- [GIVEN ENTRIES]:
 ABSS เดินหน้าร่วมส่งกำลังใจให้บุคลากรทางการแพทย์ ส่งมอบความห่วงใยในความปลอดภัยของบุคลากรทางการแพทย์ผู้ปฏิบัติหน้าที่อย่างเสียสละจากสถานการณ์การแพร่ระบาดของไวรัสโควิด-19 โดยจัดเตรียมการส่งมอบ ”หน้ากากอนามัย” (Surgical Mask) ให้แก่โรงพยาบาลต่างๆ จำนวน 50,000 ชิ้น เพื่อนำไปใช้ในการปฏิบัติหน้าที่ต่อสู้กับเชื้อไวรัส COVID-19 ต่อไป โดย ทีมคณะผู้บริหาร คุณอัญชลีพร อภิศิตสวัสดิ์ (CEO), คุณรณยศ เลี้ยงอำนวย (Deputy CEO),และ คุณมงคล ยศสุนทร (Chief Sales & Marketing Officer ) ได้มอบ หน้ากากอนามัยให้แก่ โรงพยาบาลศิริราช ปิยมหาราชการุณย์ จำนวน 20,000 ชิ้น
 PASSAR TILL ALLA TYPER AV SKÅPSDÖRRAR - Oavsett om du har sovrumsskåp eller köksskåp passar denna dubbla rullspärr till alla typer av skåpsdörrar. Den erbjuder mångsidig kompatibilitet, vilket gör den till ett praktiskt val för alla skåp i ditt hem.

...

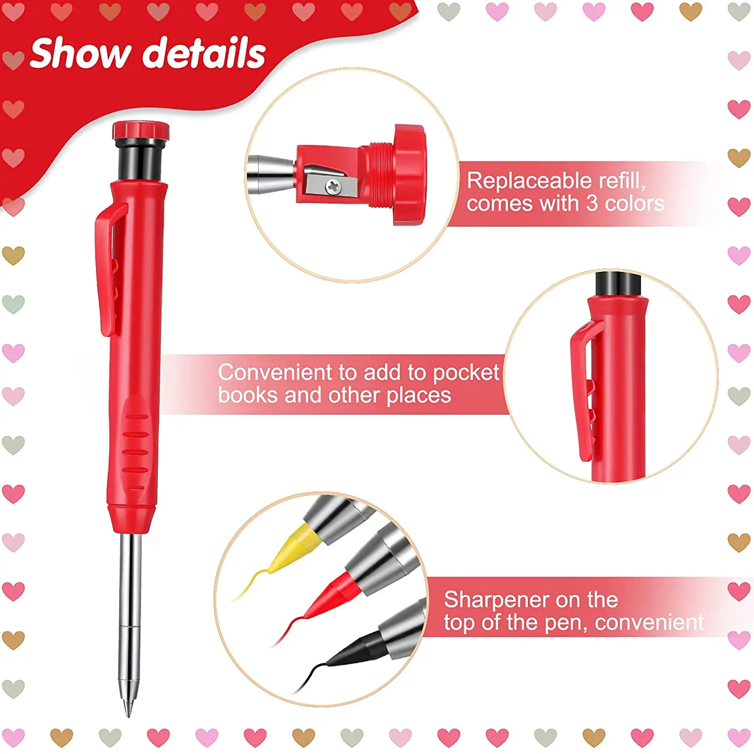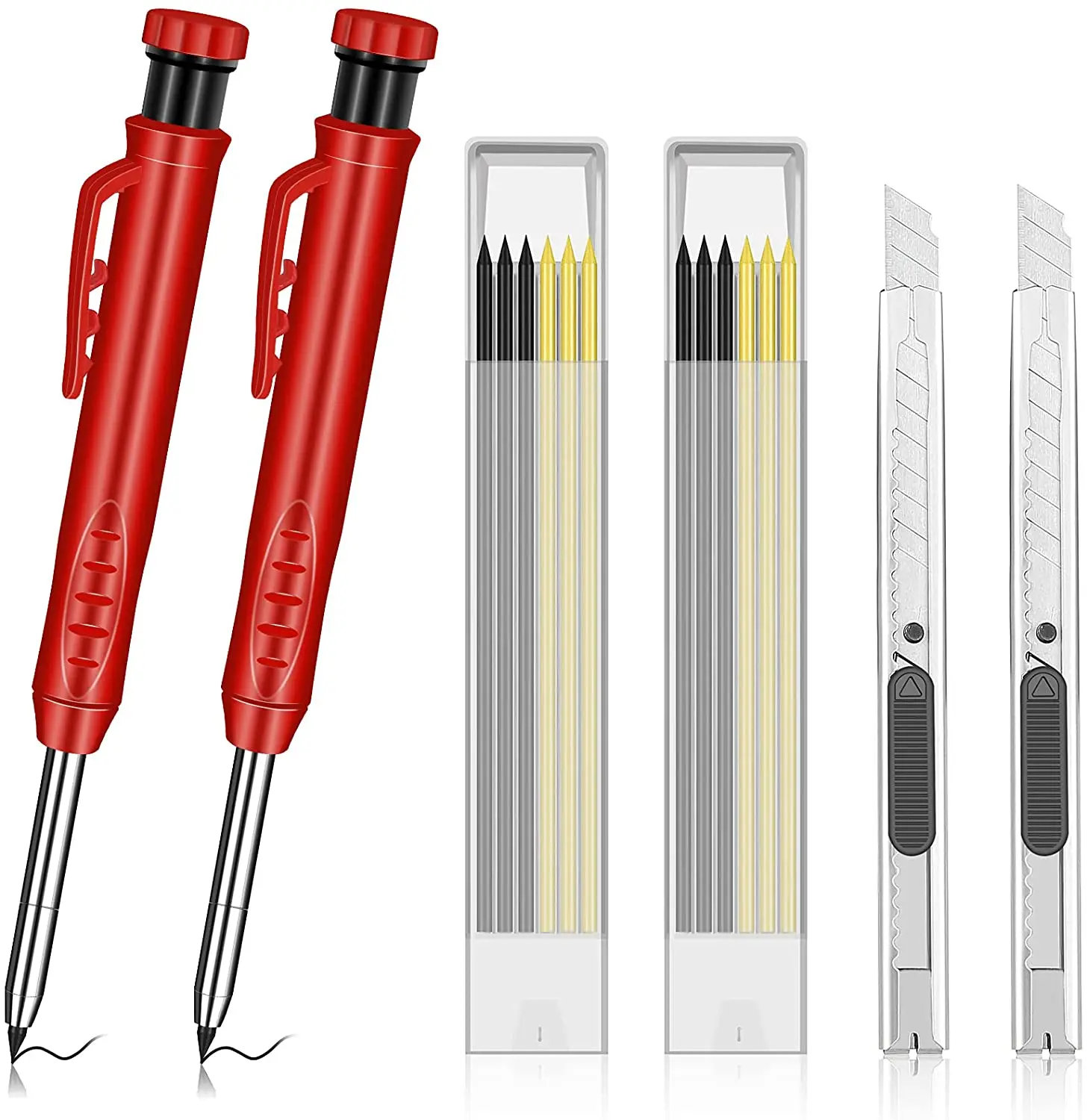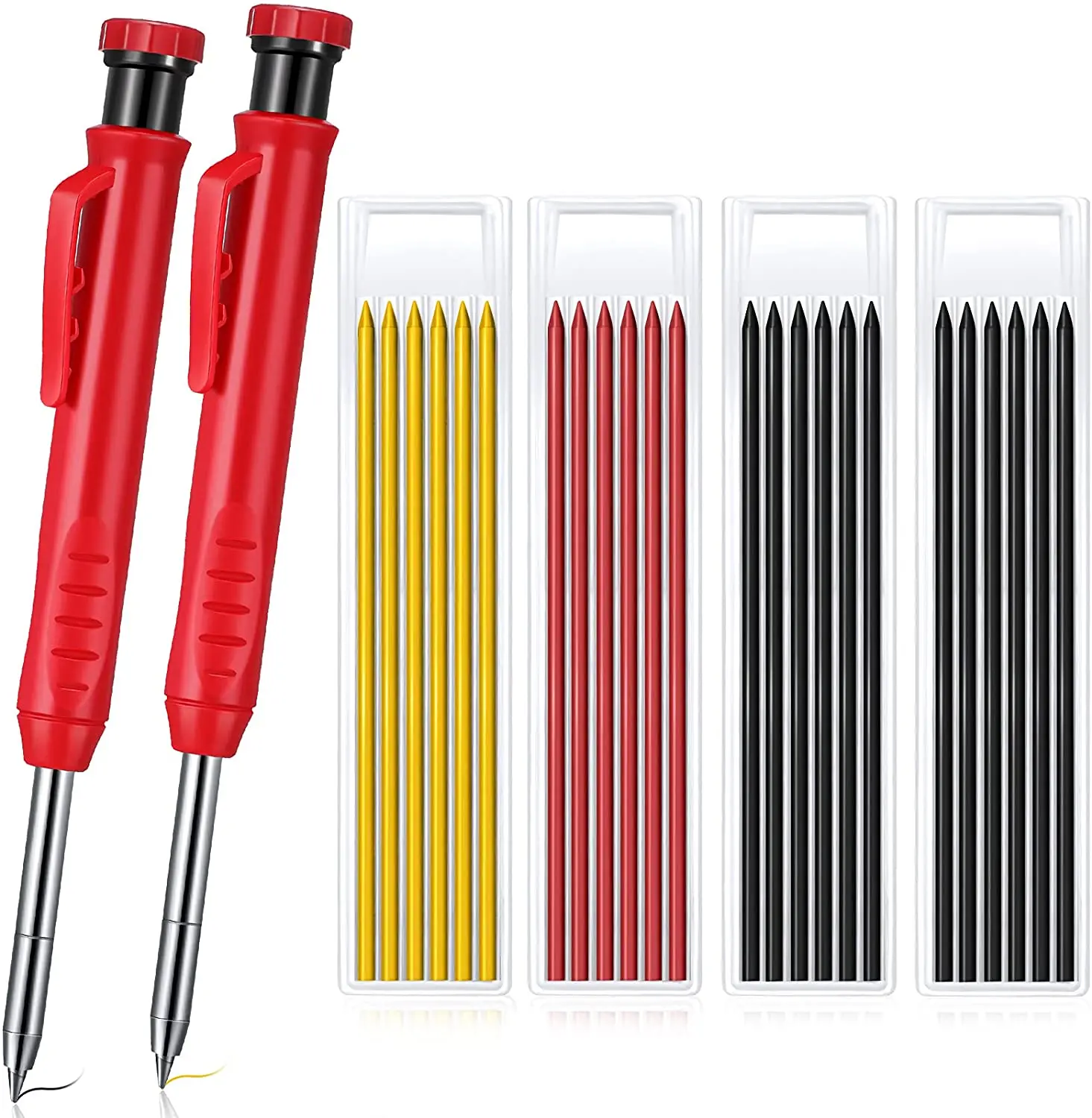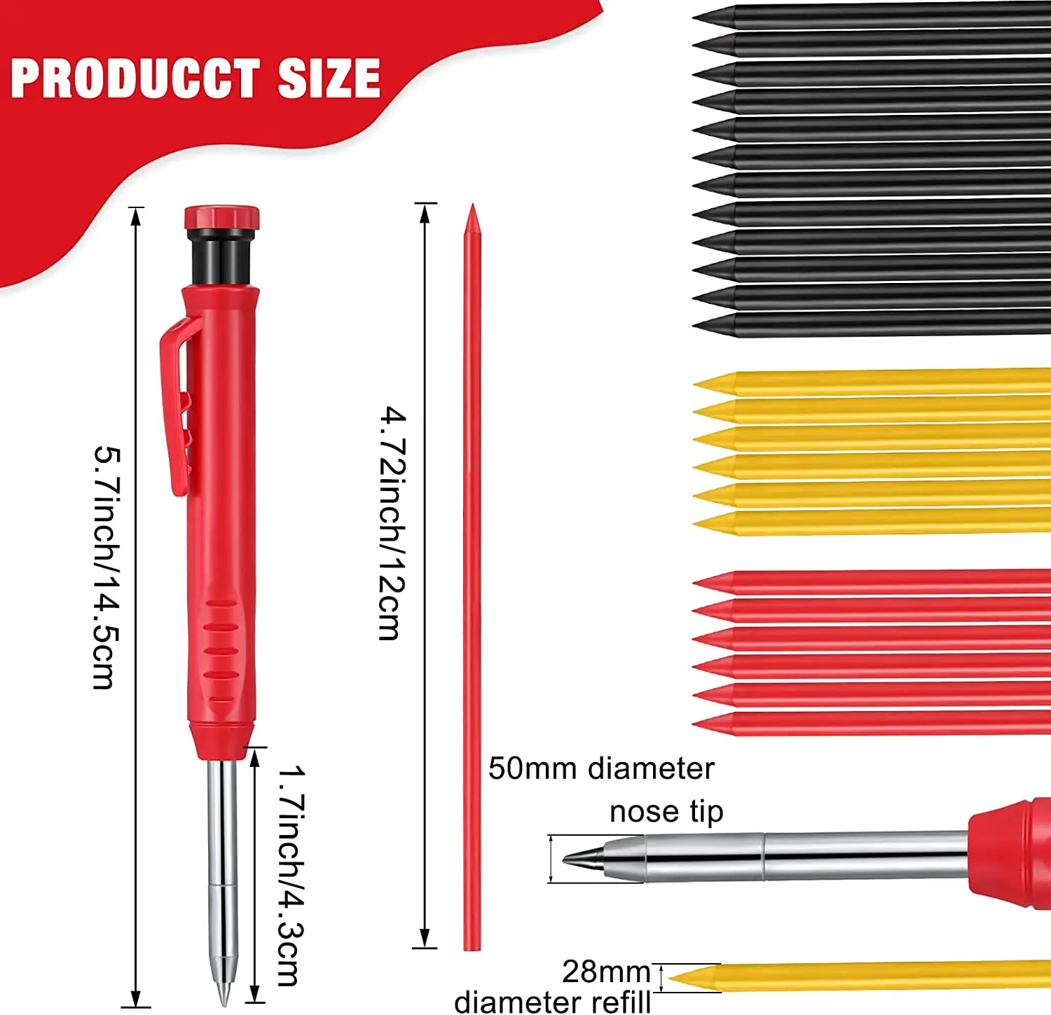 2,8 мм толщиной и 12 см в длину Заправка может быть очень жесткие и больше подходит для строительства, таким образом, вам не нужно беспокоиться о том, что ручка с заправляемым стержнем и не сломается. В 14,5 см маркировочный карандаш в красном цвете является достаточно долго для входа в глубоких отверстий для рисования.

- [AIM OF THE TASK]: The stretch of entries above that starts with the line containing "จำนวน 20,000 ชิ้น" and goes on through the line containing "PASSAR TILL ALLA" is to be transcribed exactly, and no other line is to be transcribed.

- [RESPONSE AREA]:
 ABSS เดินหน้าร่วมส่งกำลังใจให้บุคลากรทางการแพทย์ ส่งมอบความห่วงใยในความปลอดภัยของบุคลากรทางการแพทย์ผู้ปฏิบัติหน้าที่อย่างเสียสละจากสถานการณ์การแพร่ระบาดของไวรัสโควิด-19 โดยจัดเตรียมการส่งมอบ ”หน้ากากอนามัย” (Surgical Mask) ให้แก่โรงพยาบาลต่างๆ จำนวน 50,000 ชิ้น เพื่อนำไปใช้ในการปฏิบัติหน้าที่ต่อสู้กับเชื้อไวรัส COVID-19 ต่อไป โดย ทีมคณะผู้บริหาร คุณอัญชลีพร อภิศิตสวัสดิ์ (CEO), คุณรณยศ เลี้ยงอำนวย (Deputy CEO),และ คุณมงคล ยศสุนทร (Chief Sales & Marketing Officer ) ได้มอบ หน้ากากอนามัยให้แก่ โรงพยาบาลศิริราช ปิยมหาราชการุณย์ จำนวน 20,000 ชิ้น
 PASSAR TILL ALLA TYPER AV SKÅPSDÖRRAR - Oavsett om du har sovrumsskåp eller köksskåp passar denna dubbla rullspärr till alla typer av skåpsdörrar. Den erbjuder mångsidig kompatibilitet, vilket gör den till ett praktiskt val för alla skåp i ditt hem.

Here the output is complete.